Le principe de la TVA repose sur un mécanisme simple : une entreprise assujettie peut déduire la TVA payée sur ses achats professionnels de la TVA qu’elle collecte sur ses ventes. Appliqué aux véhicules, ce principe devient plus complexe. En matière de flotte automobile, la récupération de TVA sur les véhicules de société représente un enjeu fiscal et financier réel. Selon le type de véhicule, son usage et la nature des dépenses engagées, la TVA peut être totalement récupérable, partiellement déductible ou totalement exclue. Une mauvaise interprétation entraîne soit une perte de trésorerie, soit un risque de redressement en cas de contrôle.

Cet article fait le point sur le fonctionnement de la récupération de TVA appliquée aux véhicules d’entreprise. Il détaille les règles générales de déduction, les catégories de véhicules concernées, les conditions à respecter lors de l’acquisition et les limites prévues par la réglementation fiscale.

Les règles générales de récupération de TVA pour une entreprise

Principe de déduction de la TVA en France

En France, toute entreprise assujettie à la TVA peut déduire la taxe supportée sur les dépenses nécessaires à son activité économique. Ce droit concerne les biens et services utilisés à des fins professionnelles, à condition que la TVA figure clairement sur les factures.

La récupération de la TVA sur les véhicules de société s’inscrit dans ce cadre général. L’entreprise doit affecter le véhicule à son activité et respecter les règles fiscales applicables à son usage. Toutes les structures ne bénéficient pas de ce droit. Les entreprises placées sous le régime de la franchise en base de la TVA ne collectent pas la taxe. Elles ne peuvent donc pas la déduire. Le statut d’assujetti constitue ainsi un prérequis. Avant d’analyser la récupération de la TVA sur un véhicule, l’entreprise doit vérifier sa situation au regard de la TVA.

TVA déductible et TVA non récupérable

La TVA déductible correspond à la taxe que l’entreprise impute sur ses déclarations périodiques. Elle vient réduire la TVA collectée auprès des clients. Lorsque le montant de TVA déductible dépasse celui de la TVA collectée, l’entreprise génère un crédit de TVA. Elle peut en demander le remboursement ou l’imputer sur les périodes suivantes.

Certaines dépenses restent toutefois exclues du droit à déduction. De nombreuses charges liées aux véhicules de tourisme entrent dans cette catégorie. La récupération de TVA sur les véhicules de société dépend donc d’une distinction précise entre les dépenses admises fiscalement et celles qui restent non récupérables, même lorsqu’elles concernent l’activité professionnelle.

Quels véhicules ouvrent droit à récupération de TVA lors de l’acquisition ?

Véhicules utilitaires et professionnels

Les véhicules utilitaires offrent le cadre le plus favorable en matière de récupération de TVA sur les véhicules de société.
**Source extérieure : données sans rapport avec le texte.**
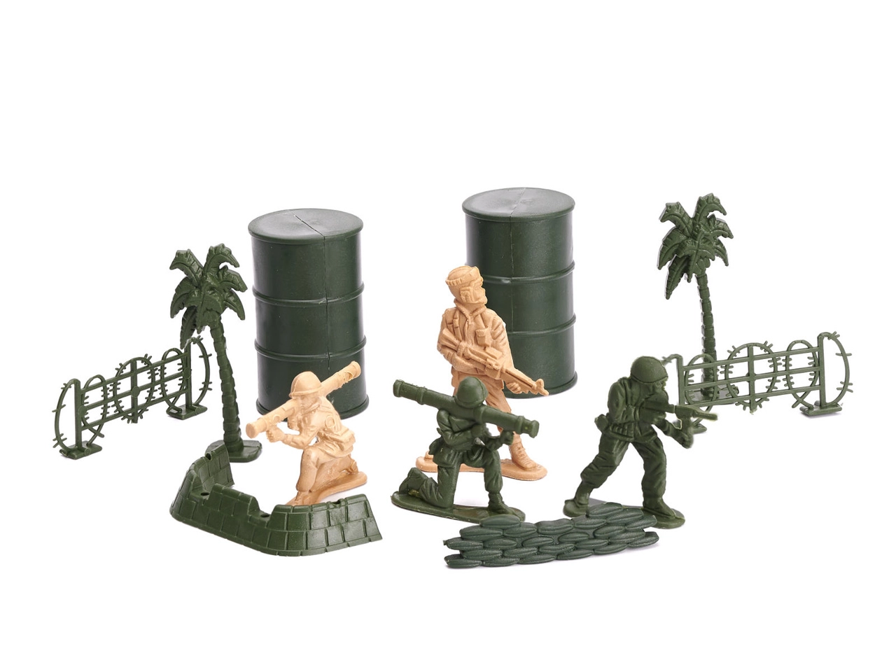 Komplekti kuulub ligikaudu 60 sõdurifiguuri erinevates poosides ning rikkalikud komponendid sõjaväebaasi ehitamiseks – tünnid, aiad, tõkked, palmid ja muu. Figuuride kõrgus on umbes 5 cm, need seisavad kindlalt tasasel pinnal ja on lihtsasti paigutatavad.
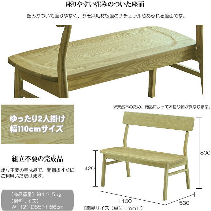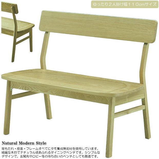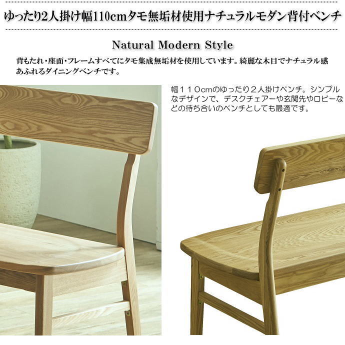 | 【商品名】 | ゆったり2人掛け幅110cmナチュラル感あふれるタモ無垢材の背もたれ付ダイニングベンチ | |
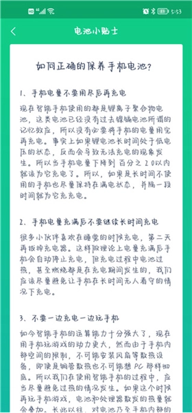 4、软件还为用户提供了电池小贴士,用户可以通过这些小贴士了解如何正确保养电池。
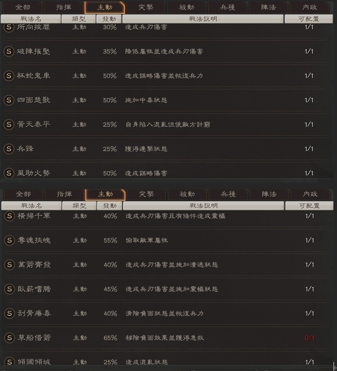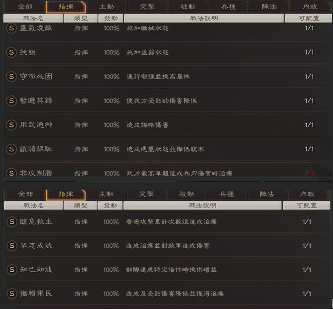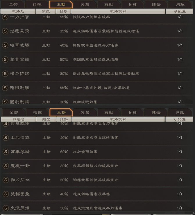 戰法齊全 重要的都有 上兵 眾志 草船 同心 靈機
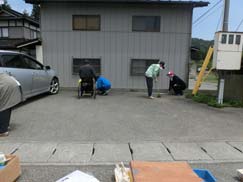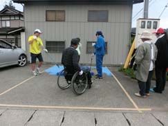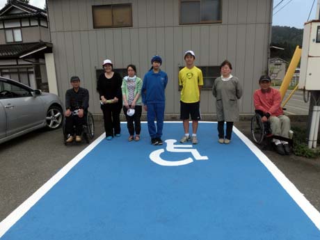 5月22日、鶴岡第5中学校3学年福祉学習で羽黒福祉センターに来た奥山くん、柿崎くん、福祉学習サポーターの安藤さん、センター職員2名と会員勝木さんと私の7名で羽黒山参詣道入口近く『御食事処 いしい』さんに青色駐車場を作ってきました。
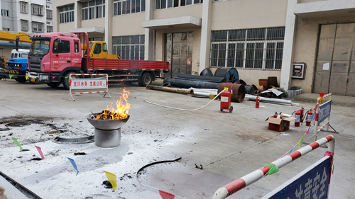在演練前已做好前期準(zhǔn)備工作。在安全距離布置演練設(shè)圍擋、拉三角旗,畫(huà)定演練核心區(qū)域的警示線,同時(shí)在火點(diǎn)畫(huà)定安全距離園圈,保護(hù)演練人員的安全。
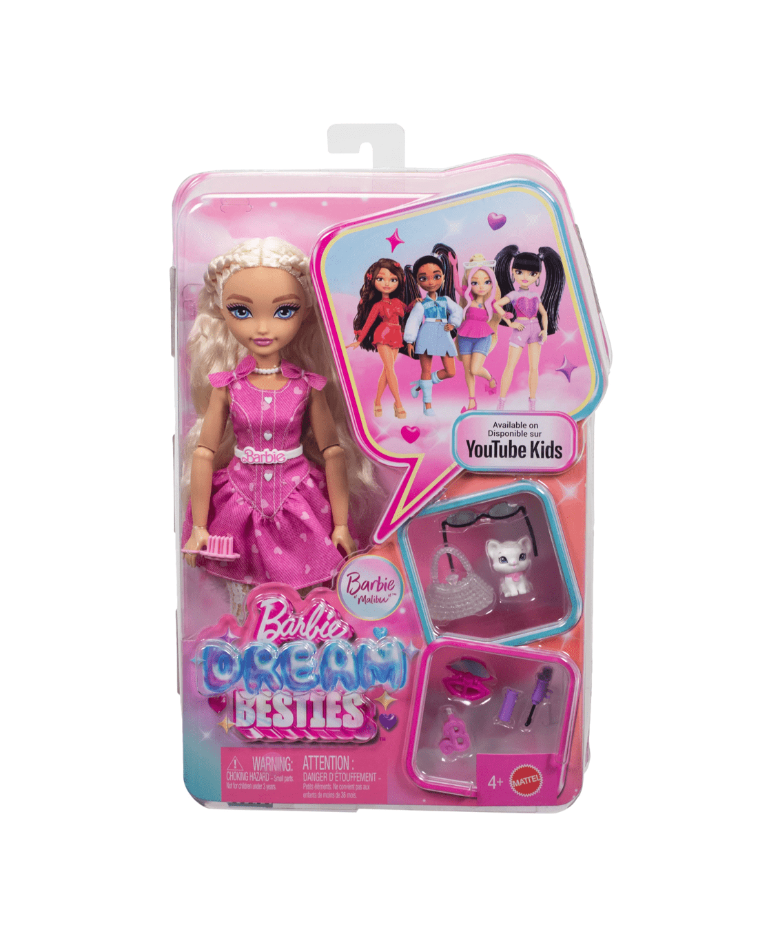 Barbie Dream Besties dolls encourage kids to share their unique talents with the world, just like Barbie 'Malibu'! Barbie 'Malibu' has dreams of owning her own makeup company. Kids can help her chase her dreams with seven different styling-themed accessories, including a mascara wand, lipstick, glittery purse and even a pet kitten! The fashion doll has long, blonde wavy hair for styling fun and engaging play. With so many opportunities for storytelling, Barbie Dream Besties dolls inspire kids aged four years old and up to live out their dreams.
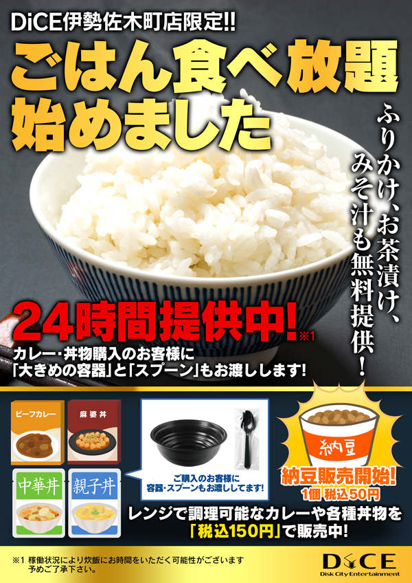 ごはん食べ放題サービス開始いたします!
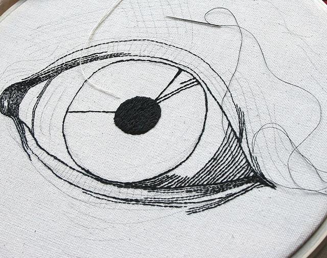 手工缝合的眼睛艺术作品由Sam P. Gibson
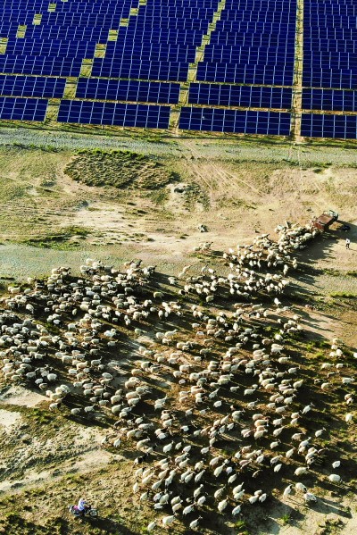 在青海省海南藏族自治州共和縣的塔拉灘光電園區(qū),恰卜恰鎮(zhèn)上塔邁村的藏族牧民索南卓瑪騎著摩托車穿行在深藍色的光伏板間,驅(qū)趕羊群回圈飲水。
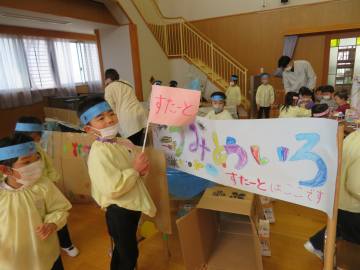 お客さんが来る!とワクワクいっぱいの年長さん。しっかり準備ができたようです。

Les camionnettes, fourgons, camions et véhicules assimilés ouvrent en principe un droit à déduction de la TVA à 100 %, dès lors que l’entreprise les utilise pour son activité professionnelle. Les véhicules dits « société », configurés en deux places sans banquette arrière, relèvent du même régime. L’administration fiscale considère que leur conception limite l’usage privé. Cette caractéristique justifie la déduction intégrale de la TVA lors de l’achat ou de la location.

L’entreprise doit toutefois pouvoir démontrer l’usage professionnel du véhicule. En cas d’utilisation mixte ou détournée, l’administration fiscale peut remettre en cause le droit à déduction.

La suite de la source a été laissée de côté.